Кумиры. Тайны гибели.
  • Текст добавлен: 26 октября 2016, 21:39

Текст книги "Кумиры. Тайны гибели."


Автор книги: Федор Раззаков


Жанры:

   

История

,

сообщить о нарушении

Текущая страница: 1 (всего у книги 32 страниц) [доступный отрывок для чтения: 12 страниц]

Федор Раззаков
Кумиры. Тайны гибели

Трагедии в литературе

©Раззаков Ф.И., 2012

©ООО «Алгоритм», 2012

Все права защищены. Никакая часть электронной версии этой книги не может быть воспроизведена в какой бы то ни было форме и какими бы то ни было средствами, включая размещение в сети Интернет и в корпоративных сетях, для частного и публичного использования без письменного разрешения владельца авторских прав.

©Электронная версия книги подготовлена компанией ЛитРес (www.litres.ru)

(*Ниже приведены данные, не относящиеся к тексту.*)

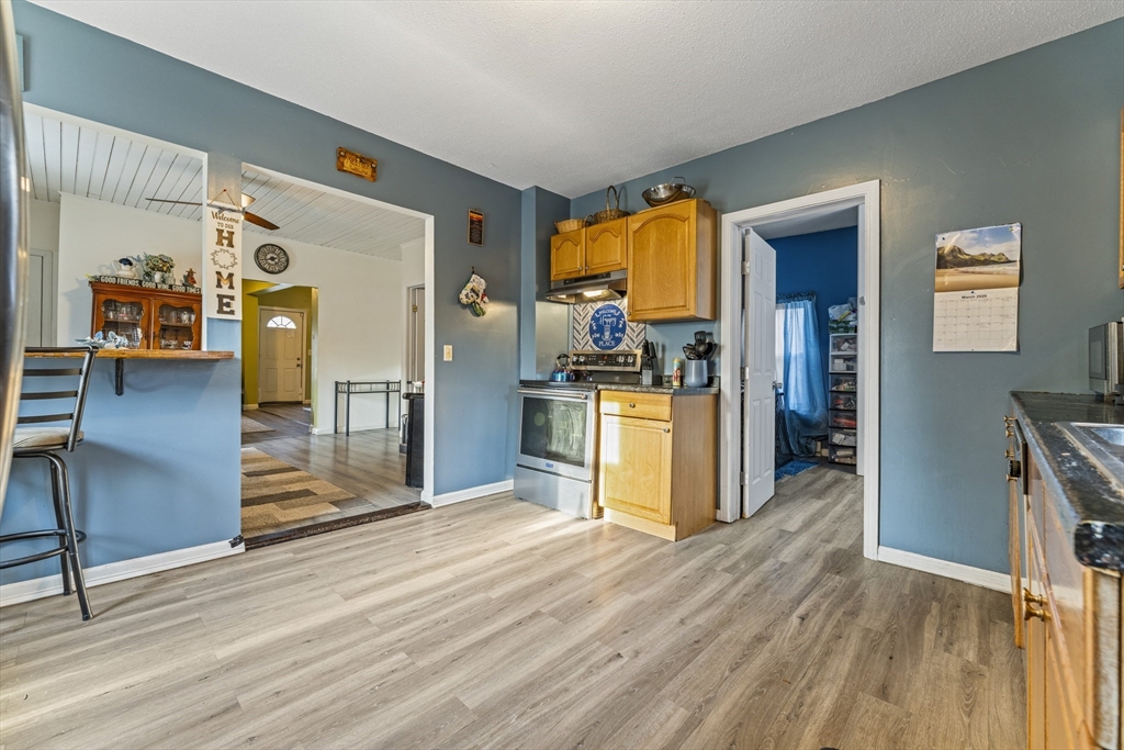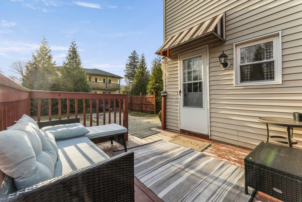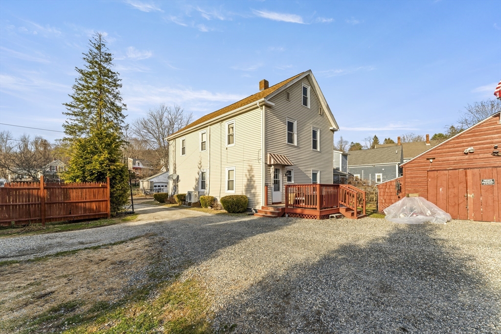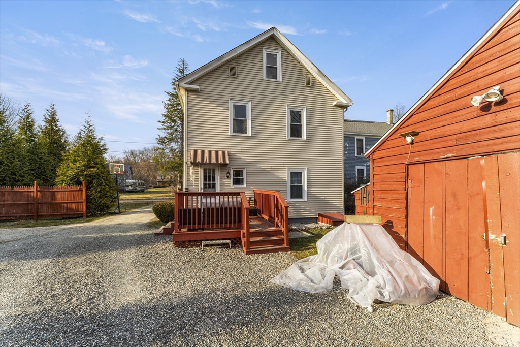 Welcome to this lovely, updated village colonial in West Warren. The first floor provides plenty of living space including a large kitchen with an eat in area, spacious living room with a pellet stove, a bedroom and full bath. The second floor provides 4 bedrooms including a primary bedroom with an en-suite bathroom. The walk up attic has plenty of storage and expansion potential. The large flat back yard gives you lots of room for entertainment and more storage with multiple sheds. Numerous updates include mini splits, new back deck, new roof - 3 years old with 50 year warranty to transfer to new owners, new stove, new hot water heater (1 year old), new gutters, new laminate flooring, new carpet second floor bedrooms, new shower/bath enclosure first floor bathroom, half of finished attic, and new primary bedroom en-suite bathroom. Schedule a time to tour today!

Гибель красного литератора Александр Фадеев

Если не брать сталинские годы, когда в энкавэдэшной мясорубке погибло несколько сотен советских литераторов самых разных национальностей, то следует признать, что самая громкая трагедия в советской литературе случилась в конце 50-х, когда из жизни ушел один из литературных колоссов – писатель Александр Фадеев. Чтобы понять, что предшествовало этому, рассказ стоит начать с самого начала.

Фадеев родился 24 декабря 1901 года в небольшом уездном городке Кимры Тверской губернии. Его отец – Александр Иванович – в молодости увлекшийся революционными идеями, был родом из бедной крестьянской семьи. С 1885 года он попадает на заметку властям и начинает новую жизнь, полную скитаний, невзгод и постоянных преследований. В 1892 году он приезжает в Петербург и становится одним из активных участников Санкт-Петербургской группы народовольцев. Спустя два года полиция арестовывает его и помещает в Петербургскую тюрьму. Там в один из дней 1896 года по просьбе Политического Красного Креста его навещает 23-летняя слушательница Петербургских фельдшерских курсов Антонина Владимировна Кунц (из обрусевших немцев). Молодые понравились друг другу, и когда Фадееву объявили приговор, пять лет ссылки в отдаленном северном городке Шенкурске, Антонина Кунц отправилась туда вместе с ним. В июне следующего года они обвенчались.

В 1900 году у Фадеевых родилась дочь Татьяна. Затем, год спустя, – сын Александр, а через четыре года – второй сын, Владимир. Однако совместная жизнь родителей не ладилась. Причем виной этому был суровый характер главы семейства. По воспоминаниям близких, Фадеев-старший всерьез считал, что революционеру не следует иметь семью. Он редко баловал детей лаской, был грубоват и резок в отношениях с женой. Мысль о разводе давно уже вынашивалась в его голове. Чашу терпения, судя по всему, переполнил поступок жены, который глава семьи не смог ей простить. В дни революции 1905 года он активно поддерживал эсеров, а его жена – социал-демократов. И Фадеев-старший ушел из семьи (в 1916 году он умрет от туберкулеза).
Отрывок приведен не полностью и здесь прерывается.